Growing up on the more rural end of things, my siblings and I would have to go into town for the trick-or-treating festivities, or to participate in the parade in hopes of winning cash and/or candy prizes to satisfy our gadget or rotting-our-teeth craving. Except, what I remember more now is being at my babysitter’s house, when I believe I reached the whole too “cool” stage to go trick-or-treating anymore. Instead, I would help hand out candy to the complete strangers coming to her house.

There is something to be said for extending just the slightest form of hospitality, even for the briefest of moments. Yes, it’s been going on for quite a while, so maybe we shouldn’t be that impressed, but there is something to be said about even a little bit of hospitality, a little bit of kindness, a little bit of…community.

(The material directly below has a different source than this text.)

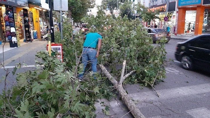 Şiddetli rüzgar aydınlatma lambası ve ağaç dallarını kopardı
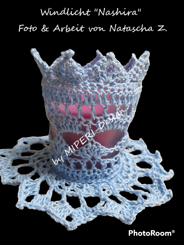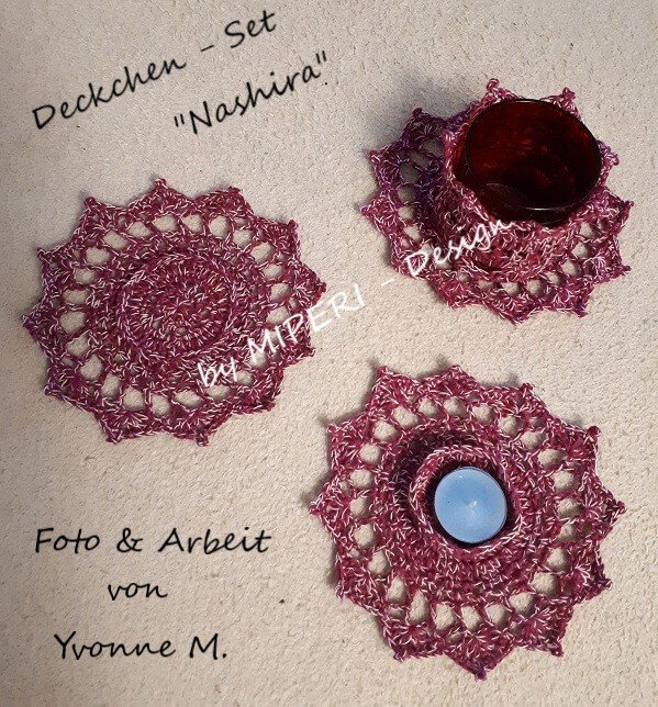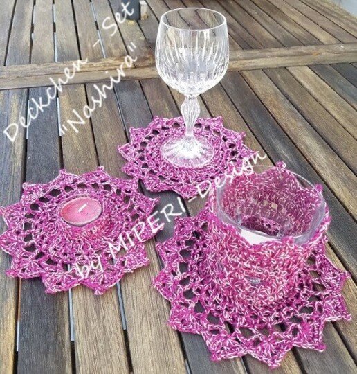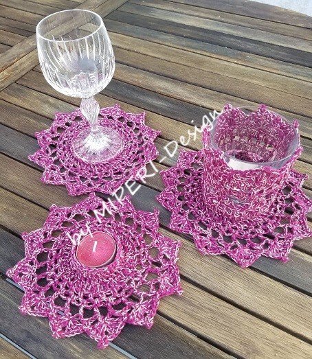 Dies ist ein 3teiliges Set, bestehend aus einem Deckchen oder Glasuntersetzer, einem Windlicht und einem Teelichthalter …. vielleicht das Richtige als Geschenk zu Weohnachten.

One aspect we often take for granted with this whole trick (or trunk!)-or-treating business is giving children the opportunity to express themselves in a unique way that they may not otherwise. Granted, the costumes can get rather excessive/expensive for the adults making the purchase, or putting in the time to make them (more power to all of you who do such creative/time-consuming things), but for many young people who are ridiculed for how they are in terms of personality and social interaction, Halloween provides an outlet for the “different” to be “cool.” Not to mention, for many people of all ages, it’s not always easy to walk up to a place you’ve never been, to people you don’t know. It makes many anxious and completely un-easy in their hearts, and for that one moment: that little bit of hospitality, that little bit of kindness, that little bit of community can be quite transformational for that young child of God.

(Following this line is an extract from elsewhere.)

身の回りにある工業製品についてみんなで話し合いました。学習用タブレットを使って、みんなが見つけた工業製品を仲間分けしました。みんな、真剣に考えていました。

Perhaps this fall holiday should remind us just how far-reaching this God truly is every day of the year. Yes, God can be in your home, being right beside you as you open the door: giving you the courage to be convinced for another year that it is worth opening an entrance to your house and opening the door to your heart as well. God is, also, fully capable of being with the child, who may be going through the toughest time at school, and right now, at this point in their life, Halloween is their favorite holiday: so that they can be more like themselves for one night. God can, also, be at the hospital with the nurse who wishes she could be out there with her child trick-or-treating, but can’t. God can be the encourager, the weeper, the strength, the reformer, and everything in between, all at once in infinite places.

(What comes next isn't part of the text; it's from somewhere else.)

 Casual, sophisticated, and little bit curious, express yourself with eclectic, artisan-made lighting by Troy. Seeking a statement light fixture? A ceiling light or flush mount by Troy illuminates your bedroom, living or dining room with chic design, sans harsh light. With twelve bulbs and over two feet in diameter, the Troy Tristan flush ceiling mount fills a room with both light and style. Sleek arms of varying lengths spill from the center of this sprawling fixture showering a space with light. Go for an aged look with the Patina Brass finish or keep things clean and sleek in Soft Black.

Granted, the costumes may not always make sense to us, but we also cannot wait to open our doors to our churches, our homes, our own hearts, until what lies on the other side makes complete sense. That’s not how compassion works. Perhaps the only way for it to even make a little more sense to us is by opening the door to let them in anyway. And even if it still doesn’t, we offer that little bit of hospitality, that little bit of kindness, that little bit of community, because the Holy Spirit is churning within us far too much to do anything less, whether it be Halloween, a Sunday morning, or any day of this life. Because every day is a new opportunity to experience God in infinite ways in in infinite places. Amen (so let it be, oh God)!